Art with a message the State disagrees with had better watch out in Australia. Censorship by the government is the way the State puts limits on certain thoughts being expressed publicly and with which the State disagrees or perhaps it considers may cause public unrest? north-korean-artists-banned-from-australia  These North Korean artists were commissioned by the Queensland Art Gallery to supply works for exhibiting but they were not allowed entry to Australia to explain their works. This might upset the thoughts of a free thinking secular democratic Australian public, so they were denied visas. The Australian public is here being told that in certain matters they must not be permitted to think for themselves and they must be protected from the expressions, words, ideas, thoughts of others. 
Is the Government overstepping its role? I am concerned it may not matter to Australians as much as it should. Whatever the message art, literature, speech may deliver, the silencing of it by-way of laws designed to limit free expression is much worse.

Obviously I do not support the North Korean regime, its march into isolation is a disaster for its development and its people. However, I have the right to hear about their message foul or fair. The reason I know North Korea is controlled by an insane regime, an anti-human, anti-free though and pro-censorship regime is because the free press and the freedom to think and express opinion freely does exist here in Australia. Or at least that is what I thought to be the case. The Australian authorities felt we needed protection, from the thoughts and opinions of these artists. Who knows what they may have said about their work, we will never know, it just makes me curious though to know. Denied a visa to protect us. This concerns me, what did we need protecting from? Words, thoughts, propaganda? We'd have expected this surely and would have relished the exchange of ideas and points of view. An opportunity lost.

Whether criticisms are politically, religiously, culturally motivated we must be able to hear about the criticism in order to decide for ourselves what is being said by the critic and about the subject. The alternative is surely to accept what the State knows best and we should hear only about what it deems safe?

Ideally everyone in Australia is permitted to consider information for themselves and be able to correct and challenge or agree with ideas, conclusions, opinions,  that is the nature of a muscular confident democracy.

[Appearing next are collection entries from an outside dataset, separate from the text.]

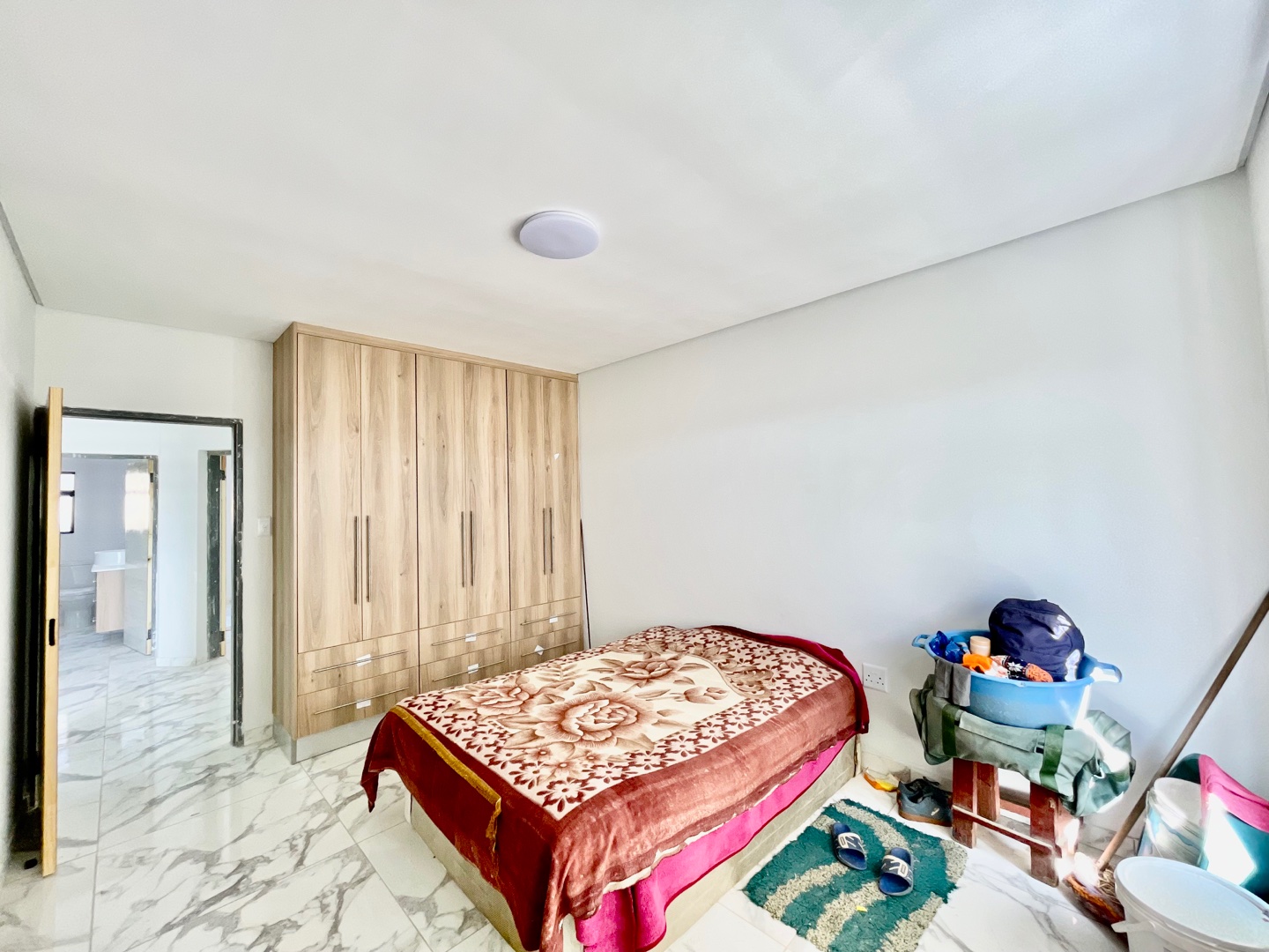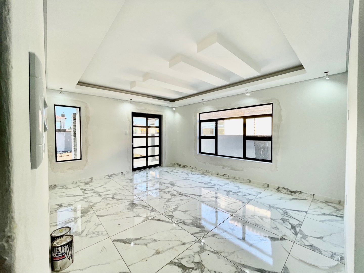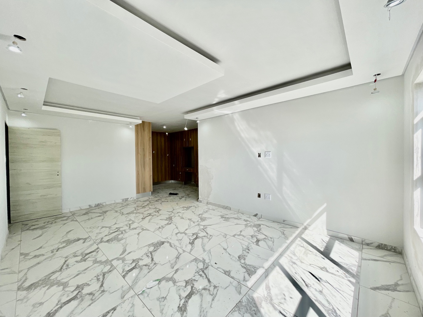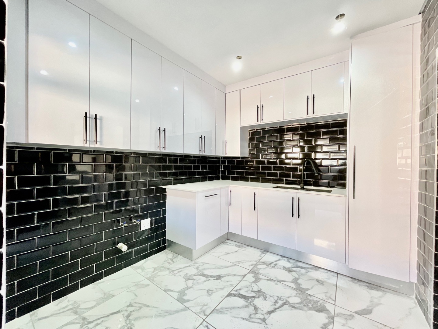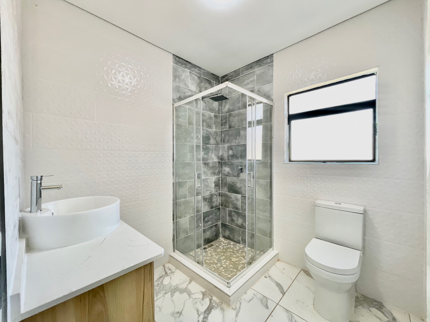 Step inside to discover a cozy yet spacious open-plan living area, seamlessly connecting a glossy modern kitchen, featuring tasteful finishes to the dining area and lounge. Natural light floods in, creating a welcoming atmosphere, perfect for relaxation or entertaining guests through folding doors to a patio with a braai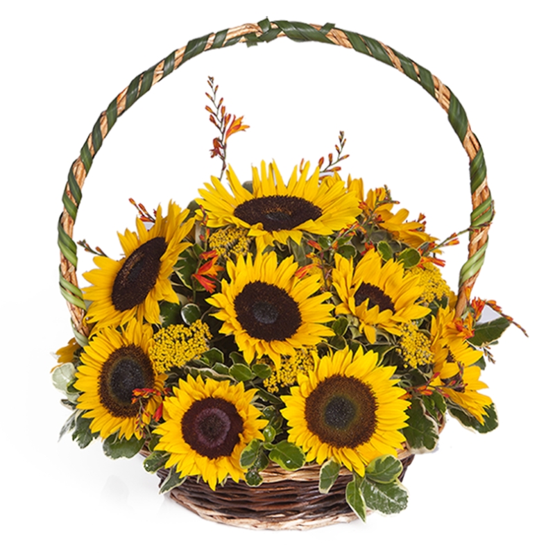 Букет состоит из 15 подсолнухов, декоративная зелень, корзина, оазис.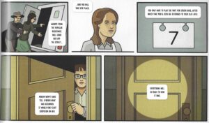 You don’t have to be the sharpest tool in the shed to know that Nadia will begin to lose her identity in Miriam’s, but this is where the Hoeys’ odd narration helps, because as the actual events get a bit more surreal, the narration stays cool and detached, which makes the situations even weirder and more effective. Nadia is interrogated by the security officer, and while the narration tells us that she’s in trouble, it doesn’t come across in the tone of the words. The Hoeys aren’t interested in spelling everything out for their readers, so we’re left wondering how far into Miriam goes Nadia, but that’s part of the unsettling nature of the book. The Hoeys are keener on exploring the idea of identity, and they use a spy thriller to do it. They’re certainly not the first to do it, but they do it in a tonally odd way, which helps the story quite a lot.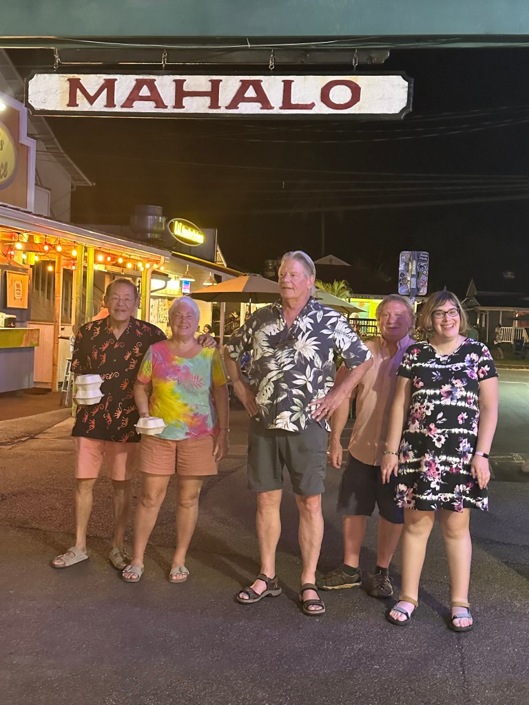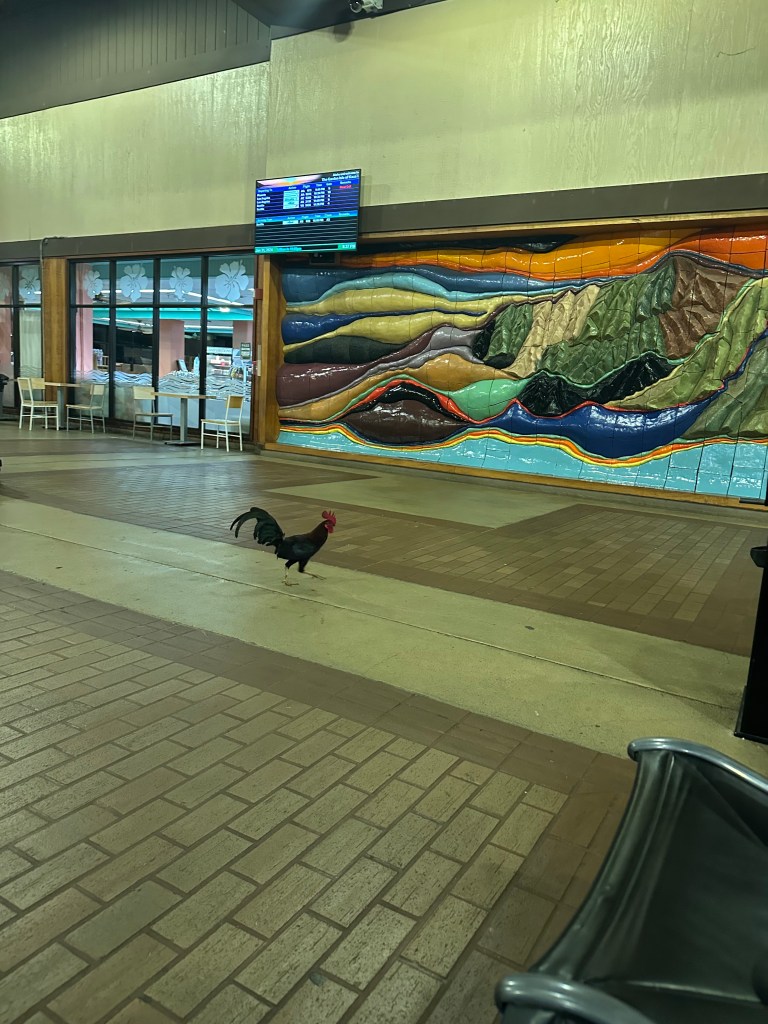 We’re pretty much silent through the hour drive to the airport, dropping off the rental car, riding the shuttle to the airport entrance, when Megan blurts out, “Hey, look at that rooster!” We all share a laugh over seeing one last feral rooster by the front entrance to the airport terminal.

Bluntly we need to retain the right to hear the intelligence or stupidity of others voiced freely and openly so we may rightly critique, challenge and counter it or agree. This is our right. But is it in reality what we have and do enjoy?

In a 2010 exhibition "Banned books in Australia", held at the Melbourne University Ballieu Library, Jenny Lee writes:

"Twentieth-century Australia had the strictest censorship of any democratic nation. Publications of all kinds were kept under surveillance and thousands of books were banned as seditious, blasphemous or obscene."

Will the Australian government soon deliver us a return of Blasphemy Laws?

Consider UN submissions by Australian organisations like HREOC that are in support of an OIC's push for the UN to adopt what is essentially a bill to limit any criticism of Islam. It attempts to apply censorship around religious subject matter. Specifically it is inspired to quarantine criticism of Islam. It is clumsy and fortunately and rationally the UN voted against it. Is the Australian Human Rights and Equal Opportunity Commission still pushing for it? Seems to be so, which is dumbfounding. Anyone with a questioning mind simply must ask, why is it that Islam cannot tolerate criticism that it needs such significant protections, from criticism? Defamation_of_religion_and_the_United_Nations

Have we already seen Blasphemy charges brought against critics of Islam in Australia?
Catch the Fire Ministries Inc & Ors v Islamic Council of Victoria Inc

Official interference by Australian organisations (like HEROC via the OIC) is to be loudly objected. It is an interference in the conduct of free association, free thought and freedom of expression. Citizens of open secular democracies believe they have these rights along with the right to a religion or to have no religion. To exempt organised religions from examination, challenge and criticism is hugely concerning. Legislation to criminalise and expose to litigation any person or organisation who critiques religion, any religion, limits freedom of expression in ways which smack of dictatorial control. In George Orwell's 1984, thoughts must be kept secret or individuals will expose themselves to retribution by the dictatorship. The sort of resources this requires, if adopted large scale, changes society.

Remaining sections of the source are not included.